Ser um doador é um gesto de amor que pode salvar muitas vidas, se você quer doar seus órgãos, converse com a sua família, só eles podem autorizar a doação e garantir que a vida continue. O ato é simples, não há registros no RG ou CNH e sem custos financeiros.

Você sabia que mais de 30 mil brasileiros aguardam na fila a espera de um transplante?

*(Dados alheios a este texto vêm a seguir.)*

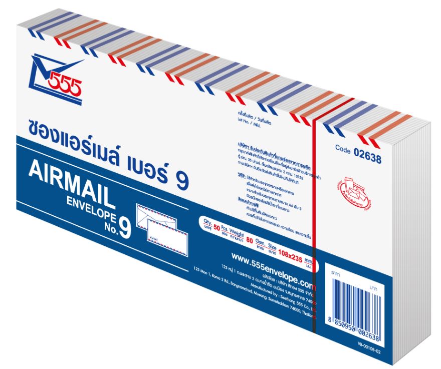 ProductID 0129066 สถานะสินค้า สินค้าพร้อมส่ง ซองแอร์เมลบาง เบอร์ 9 (50 ซอง) 555 ราคาพิเศษสำหรับสมาชิกหรือติดต่อเรา Be the first to review this product ฿63.00 ราคาไม่รวมภาษี จำนวน/Quantity: แพ็ค Add to cart Email a friend Add to compare list Add to wishlist DetailsExisting reviews ซองแอร์เมลบาง เบอร์ 9 (50 ซอง) 555 Be the first to review this product Customers who bought this item also bought ลวดเย็บกระดาษ MAX 10-1M ฿8.25 ปากกาเคมี 2หัว ตราม้า น้ำเงิน ฿9.50 สมุดปกอ่อน Excel Choice #940, 16.5 x 24 ซม., 60... ฿8.00 ควอนตั้มปากกาเน้นข้อความ QH710 สีเหลือง (N) ฿15.00 เทปลบคำผิด ตราม้า H-925 ฿30.00 ตลับผ้าหมึก Epson SO15141 LQ7753, LQ300,300+,800 ฿150.00 < >
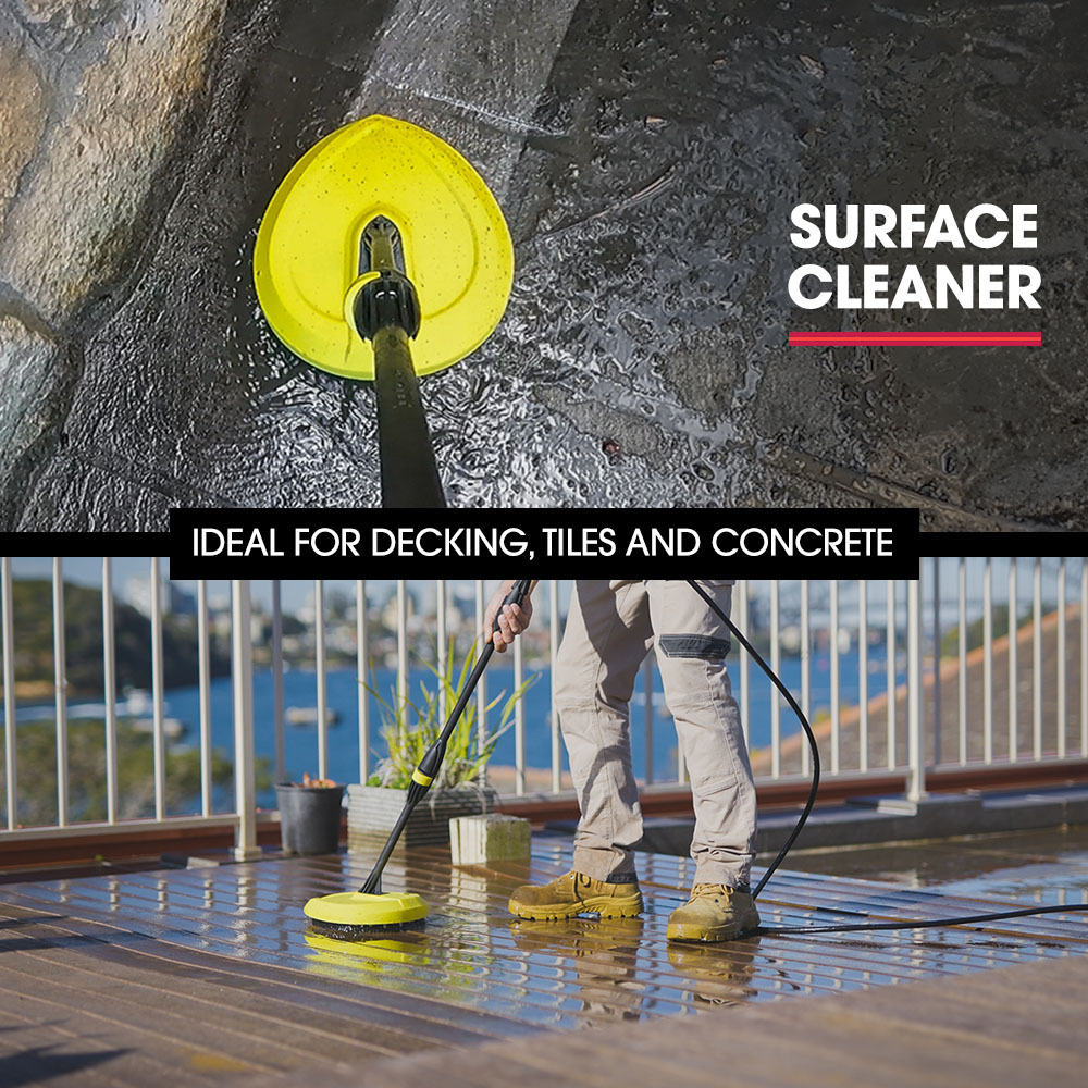 Attaching the detergent bottle and the detergent nozzle allows you to easily apply suds when cleaning cars while the rotary brush head attachment provides extra scrubbing power. The surface cleaner head is ideal for decks, paths and driveways. With a Vari-Nozzle, a Detergent Nozzle and a Turbo head, this High Pressure Washer offers versatile cleaning options to suit any task!
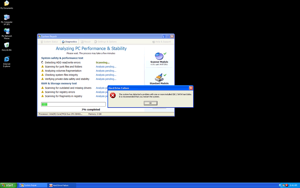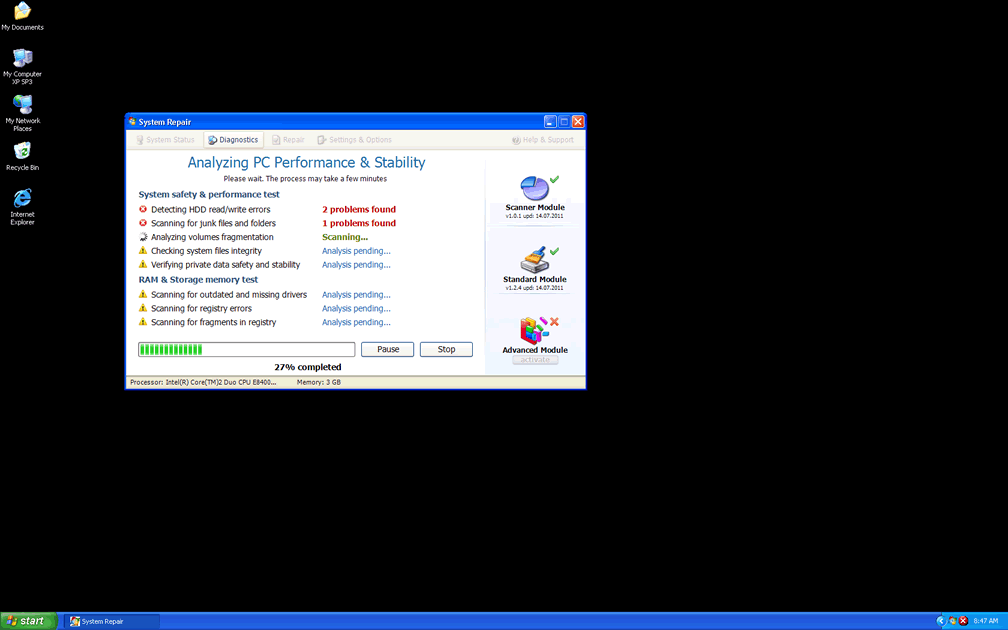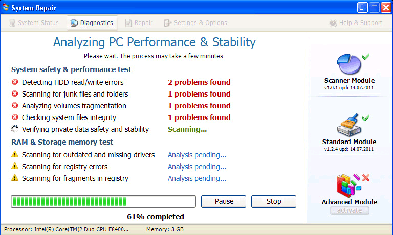 Most rogue security programs like System Repair are distributed by Trojans such as Zlob and Fake Microsoft Security Essentials Alert, although System Repair may also be downloaded from misleading websites. Relatives of System Repair use a similar interface and recycle the same attacks despite having different names - examples include Windows Diagnostic, Smart Defragmenter, FakeHDD, Windows Tool and WinScan. While pretending to scan your PC (in reality, System Repair has no such function), System Repair will also pretend to find countless wrong things in your computer.

Como mudar esse cenário e permitir que cada vez mais pessoas que estão na fila de transplantes possam voltar a desfrutar de uma vida confortável? É importante saber que:

  • Se você está doente ou ferido e foi admitido no hospital, a prioridade número um é salvar a sua vida. A doação de órgãos somente será considerada após sua morte e após o consentimento de sua família;
  • As religiões enxergam a doação como um ato de caridade e amor ao próximo;
  • Pessoas de todas as idades e históricos médicos podem ser consideradas possíveis doadoras. Sua condição médica no momento da morte determinará quais órgãos e tecidos poderão ser doados.
  • O diagnóstico de morte encefálica faz parte da legislação nacional e do Conselho Federal de Medicina. Dois médicos em diferentes momentos examinam o paciente e fazem o diagnóstico clínico de morte encefálica. Um exame gráfico, como ultrassom com Doppler ou arteriografia e eletroencefalograma, é realizado para comprovar que o encéfalo já não funciona.
  • Os transplantes ocorrem através de uma cirurgia tradicional e, ao fim do procedimento, o corpo é reconstituído, podendo ser velado normalmente.
  • Os órgãos são transplantados para os primeiros pacientes compatíveis que estão aguardando em lista única da central de transplantes da Secretaria de Saúde de cada Estado. Esse processo, além de justo, é controlado pelo Sistema Nacional de Transplantes e supervisionado pelo Ministério Público.